EXERCISE DATA:

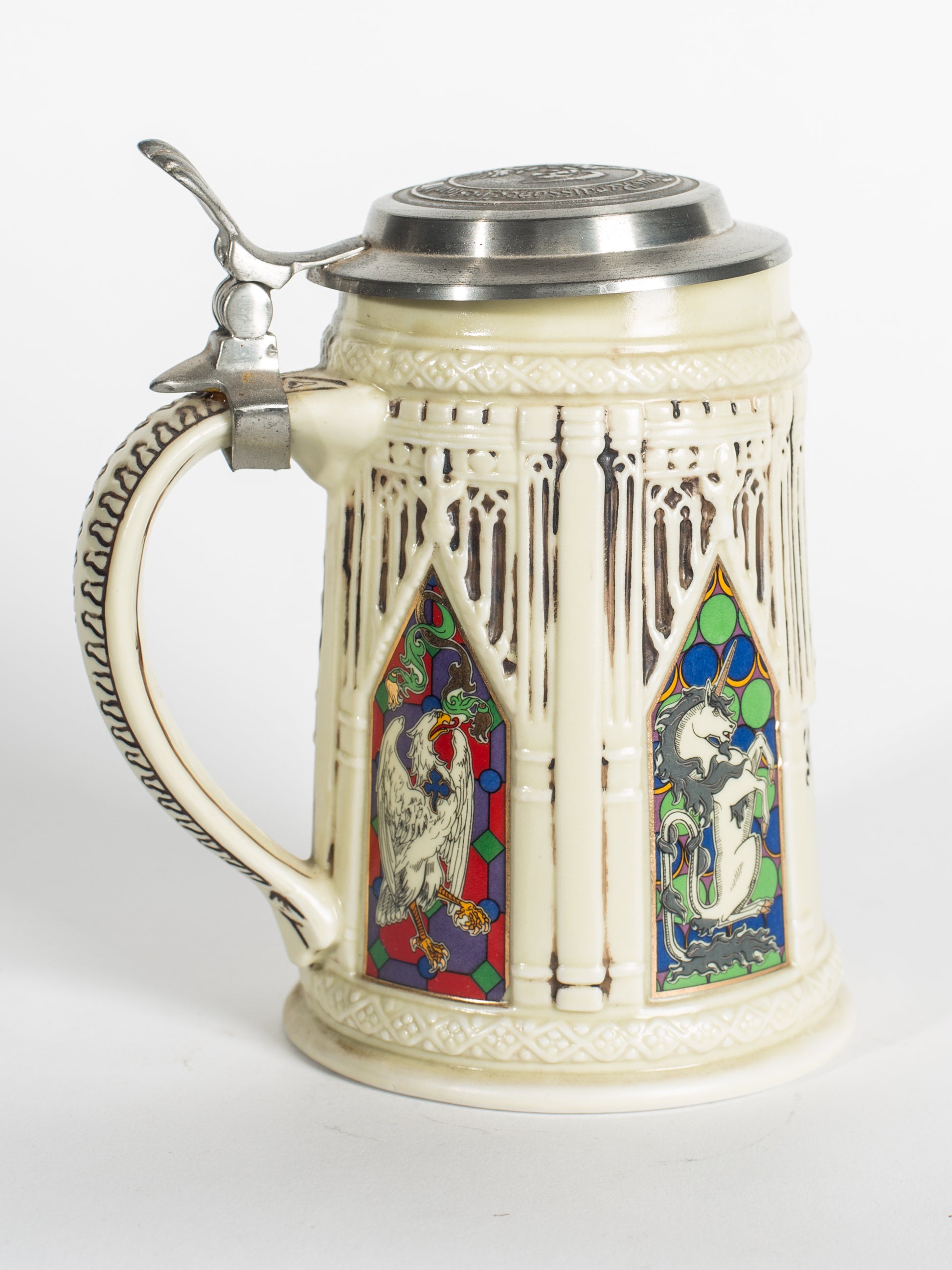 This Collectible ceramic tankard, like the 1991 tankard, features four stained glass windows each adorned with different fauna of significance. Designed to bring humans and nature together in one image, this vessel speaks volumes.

* * *

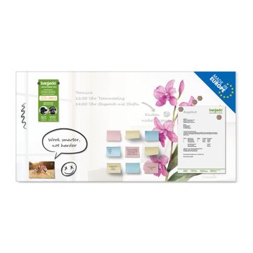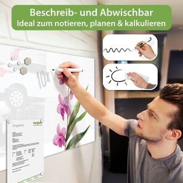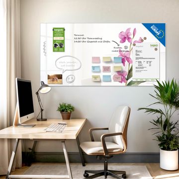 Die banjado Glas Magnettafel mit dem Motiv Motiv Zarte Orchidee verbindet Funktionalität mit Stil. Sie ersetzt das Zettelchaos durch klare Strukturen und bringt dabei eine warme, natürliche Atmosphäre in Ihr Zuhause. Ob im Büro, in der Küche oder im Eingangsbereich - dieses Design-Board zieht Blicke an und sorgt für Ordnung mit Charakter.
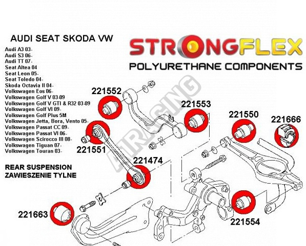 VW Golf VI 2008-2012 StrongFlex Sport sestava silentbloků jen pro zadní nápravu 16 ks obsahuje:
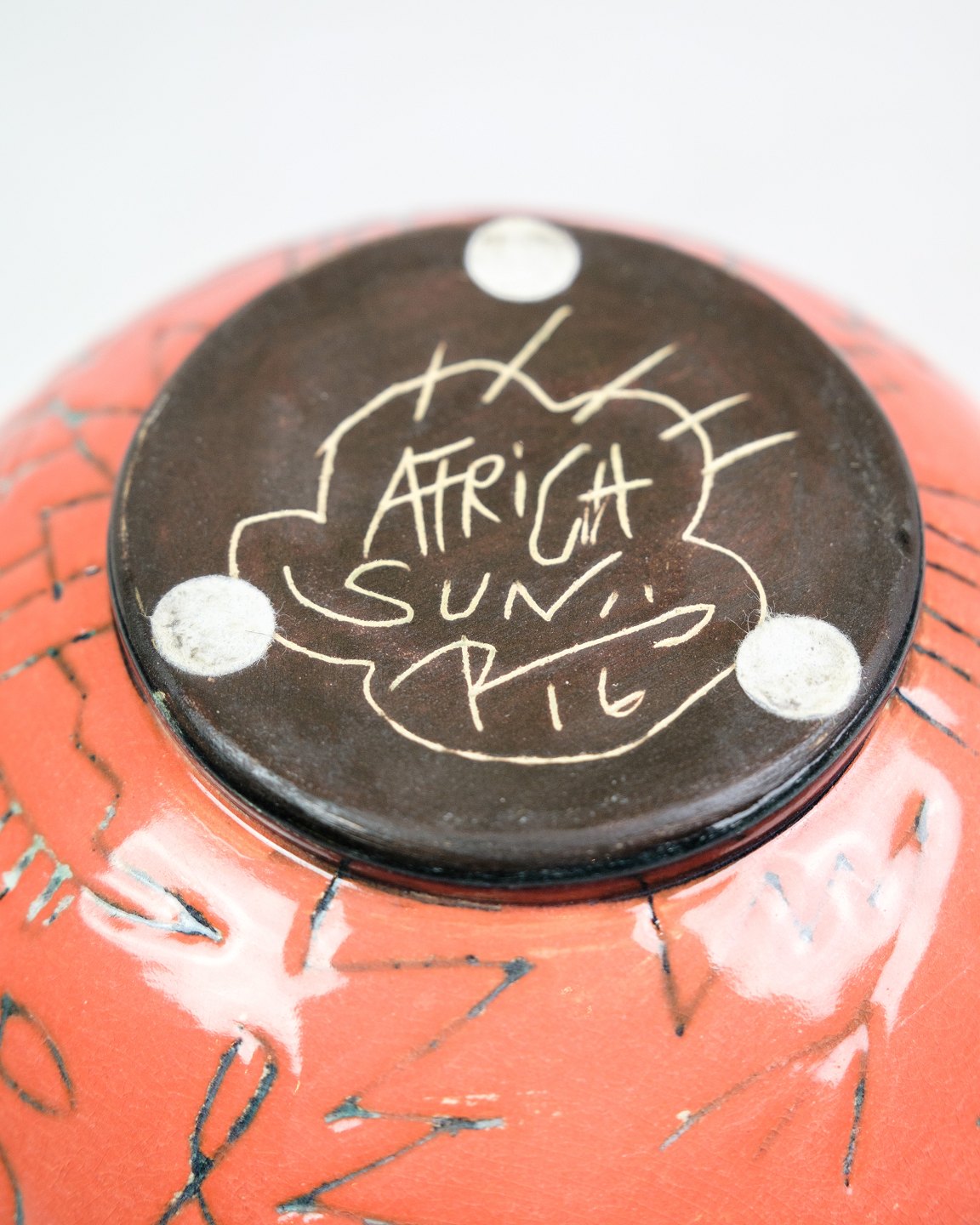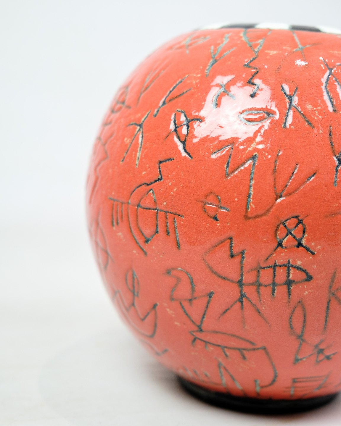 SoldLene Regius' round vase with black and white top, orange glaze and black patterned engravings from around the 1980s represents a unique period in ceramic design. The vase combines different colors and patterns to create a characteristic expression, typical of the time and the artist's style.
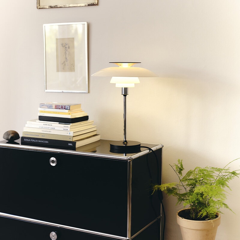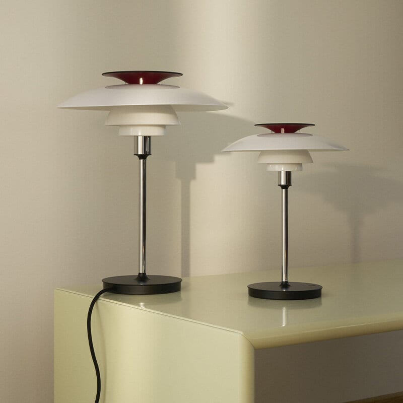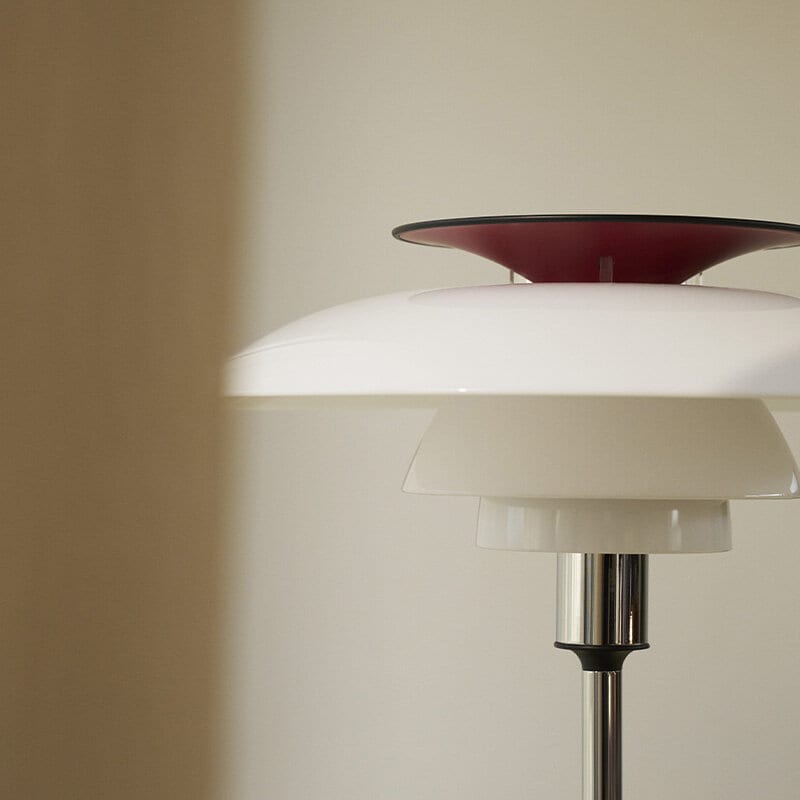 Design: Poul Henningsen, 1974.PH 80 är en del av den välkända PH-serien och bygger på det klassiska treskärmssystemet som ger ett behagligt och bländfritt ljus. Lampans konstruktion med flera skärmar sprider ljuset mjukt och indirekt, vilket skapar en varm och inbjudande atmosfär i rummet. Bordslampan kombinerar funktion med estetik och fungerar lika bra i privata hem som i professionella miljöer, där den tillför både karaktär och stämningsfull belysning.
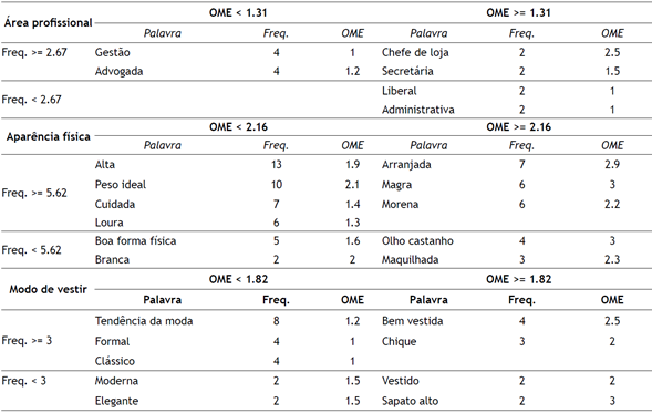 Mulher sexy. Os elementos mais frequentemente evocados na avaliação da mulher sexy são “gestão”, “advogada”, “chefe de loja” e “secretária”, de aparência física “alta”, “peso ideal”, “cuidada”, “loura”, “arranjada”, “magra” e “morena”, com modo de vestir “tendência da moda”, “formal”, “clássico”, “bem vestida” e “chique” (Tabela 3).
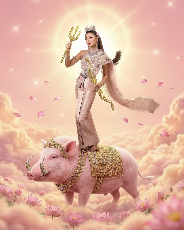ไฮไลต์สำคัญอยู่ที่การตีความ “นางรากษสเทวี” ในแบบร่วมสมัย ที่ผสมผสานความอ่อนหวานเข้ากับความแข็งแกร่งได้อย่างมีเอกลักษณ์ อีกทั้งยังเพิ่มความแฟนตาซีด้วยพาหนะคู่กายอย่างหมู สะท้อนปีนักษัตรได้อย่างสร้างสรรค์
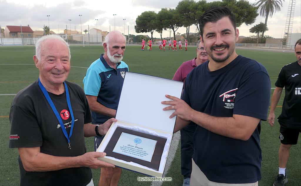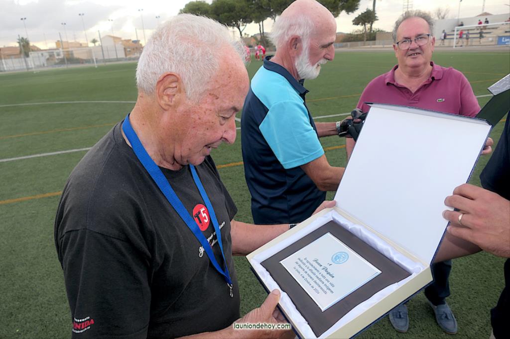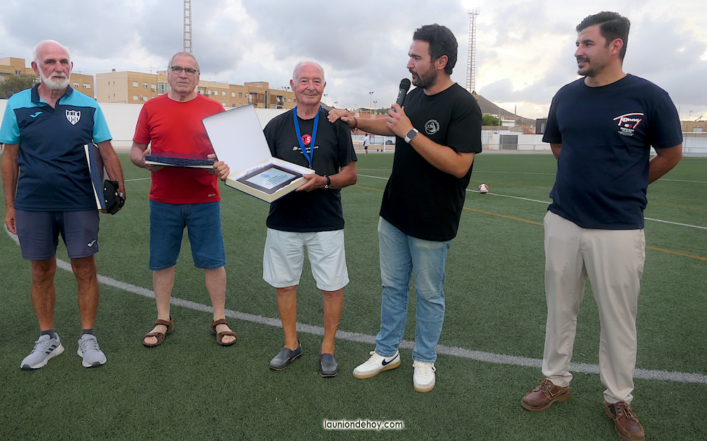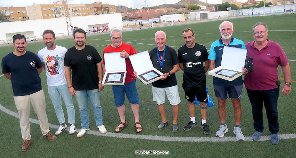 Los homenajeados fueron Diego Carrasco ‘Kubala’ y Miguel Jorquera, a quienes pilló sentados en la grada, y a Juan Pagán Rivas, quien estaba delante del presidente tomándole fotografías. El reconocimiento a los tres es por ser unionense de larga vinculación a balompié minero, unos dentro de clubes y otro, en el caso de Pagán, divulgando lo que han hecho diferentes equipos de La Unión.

ASSIGNED TASK:
Range to print from the listing above: from the line with "Design: Poul Henningsen, 1974.PH" up to and including the line with "Los homenajeados fueron". Please print those lines exactly, with no pictures and nothing more.

TASK RESPONSE:
 Design: Poul Henningsen, 1974.PH 80 är en del av den välkända PH-serien och bygger på det klassiska treskärmssystemet som ger ett behagligt och bländfritt ljus. Lampans konstruktion med flera skärmar sprider ljuset mjukt och indirekt, vilket skapar en varm och inbjudande atmosfär i rummet. Bordslampan kombinerar funktion med estetik och fungerar lika bra i privata hem som i professionella miljöer, där den tillför både karaktär och stämningsfull belysning.
 Mulher sexy. Os elementos mais frequentemente evocados na avaliação da mulher sexy são “gestão”, “advogada”, “chefe de loja” e “secretária”, de aparência física “alta”, “peso ideal”, “cuidada”, “loura”, “arranjada”, “magra” e “morena”, com modo de vestir “tendência da moda”, “formal”, “clássico”, “bem vestida” e “chique” (Tabela 3).
ไฮไลต์สำคัญอยู่ที่การตีความ “นางรากษสเทวี” ในแบบร่วมสมัย ที่ผสมผสานความอ่อนหวานเข้ากับความแข็งแกร่งได้อย่างมีเอกลักษณ์ อีกทั้งยังเพิ่มความแฟนตาซีด้วยพาหนะคู่กายอย่างหมู สะท้อนปีนักษัตรได้อย่างสร้างสรรค์
 Los homenajeados fueron Diego Carrasco ‘Kubala’ y Miguel Jorquera, a quienes pilló sentados en la grada, y a Juan Pagán Rivas, quien estaba delante del presidente tomándole fotografías. El reconocimiento a los tres es por ser unionense de larga vinculación a balompié minero, unos dentro de clubes y otro, en el caso de Pagán, divulgando lo que han hecho diferentes equipos de La Unión.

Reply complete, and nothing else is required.